Lyndon Emsley avec quelques-uns des chercheurs de l'étude © 2014 Alain Herzog/EPFL

Lyndon Emsley avec quelques-uns des chercheurs de l'étude © 2014 Alain Herzog/EPFL

Une collaboration entre l’EPFL, le CNRS, l’ENS Lyon, le CPE Lyon et l’ETH Zurich a permis de créer une méthode novatrice qui booste les capacités de l’imagerie médicale grâce à des procédures bien plus sûres pour le patient.

L’imagerie médicale est actuellement l’outil numéro un en matière de diagnostic, grâce à des techniques comme l’IRM (imagerie par résonance magnétique), la CT (tomographie axiale), les scanners et la RMN (résonance magnétique nucléaire), qui se sont fortement améliorées durant les deux dernières décennies. Toutefois, elles rencontrent encore des soucis persistants de résolution et qualité d’image, en raison de la nature même des tissus vivants. Une des solutions à ce problème récurrent est l’hyperpolarisation, qui nécessite d’injecter au patient des substances susceptibles d’augmenter la qualité d’image en suivant la distribution et le sort de molécules spécifiques dans le corps. Celles-ci peuvent néanmoins se révéler nuisibles ou potentiellement toxiques pour le malade. Or, des scientifiques de l’EPFL, du CNRS, de l’ENS, du CPE Lyon et de l’ETH Zurich ont mis au point une nouvelle génération d’hyperpolarisants, qui augmentent drastiquement l’intensité du signal des tissus corporels observés sans présenter le moindre danger pour le patient. Leur travail est publié dans la revue PNAS.
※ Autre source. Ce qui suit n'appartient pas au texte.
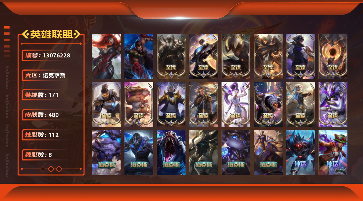 【11087531】[13076228]t29040【诺克萨斯】480皮肤 112炫彩 8臻彩 26神话/52限定/36传说/171英雄 账号等级:673【重要头像】觅心游侠卢锡安 青花瓷拉克丝炫彩 至臻KDA卡莎 至臻灵魂莲华提莫 【重要皮肤】机神玄武盖伦至臻 斗魂觉醒萨科至臻 未来战士卢锡安至臻 真实伤害亚索至臻 真实伤害赛娜至臻 灵魂莲华提莫至臻 灵能特工伊泽瑞尔至臻
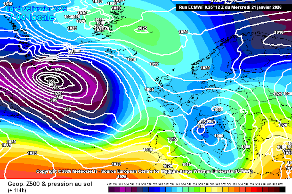 Sur l’illustration ci-dessus, nous pouvons également observer la forte activité dépressionnaire en sortie du continent nord américain, qui recouvre une grande partie de l’océan Atlantique nord et qui, selon toutes vraisemblances, devrait nous influencer pour le reste de la semaine prochaine. Il est pour l’heure impossible d’en établir les détails, mais des conditions potentiellement humides dans une masse d’air relativement fraîche (mais peut-être temporairement plus douce) pourrait redonner au Massif quelques teintes hivernales, en particulier sur ses crêtes. A notre niveau, il est prématuré d’essayer d’établir la nature des éventuelles précipitations. Il semble en revanche plus que vraisemblable que nous devrions échapper tant à la vague de froid qu’à celle de la douceur d’origine subtropicale, les températures semblant ne pas trop s’éloigner des normales saisonnières. A confirmer donc ces prochains jours…

L’équipe de chercheurs coordonnés par Lyndon Emsley – Professeur à l’EPFL et à l’ENS Lyon – a en effet développé une nouvelle génération d’hyperpolarisants à la fois efficaces et sans risque. Ces substances, appelées HYPSO, ont été mises au point par les équipes de Christophe Copéret à l’ETH Zurich et de Chloé Thieuleux au CPE Lyon. Elles prennent la forme d’une fine poudre blanche et poreuse qui contient les « molécules de suivi » à hyperpolariser. Cette poudre est constituée de silice mésoporeuse (dioxyde de silicium), qui est le composant principal du sable et qui est déjà régulièrement employée en nanotechnologie.

La poudre de silice utilisée pour l’HYPSO est faite de particules qui contiennent de minuscules canaux. La surface de chacun d’entre eux peut être couverte de façon uniforme par des molécules connues sous le nom de « radicaux organiques ». Ces derniers peuvent induire une polarisation autour d’eux. « Le contrôle de la distribution des radicaux constitue un réel tour de force, jusqu’ici inédit, et rend les matériaux HYPSO idéaux pour cet usage », déclare Christophe Copéret. Les canaux sont ensuite remplis avec une solution de « molécules de suivi » à hyperpolariser, qui servent de marqueurs pour l’imagerie – p.ex. le pyruvate, crucial pour la production d’énergie cellulaire.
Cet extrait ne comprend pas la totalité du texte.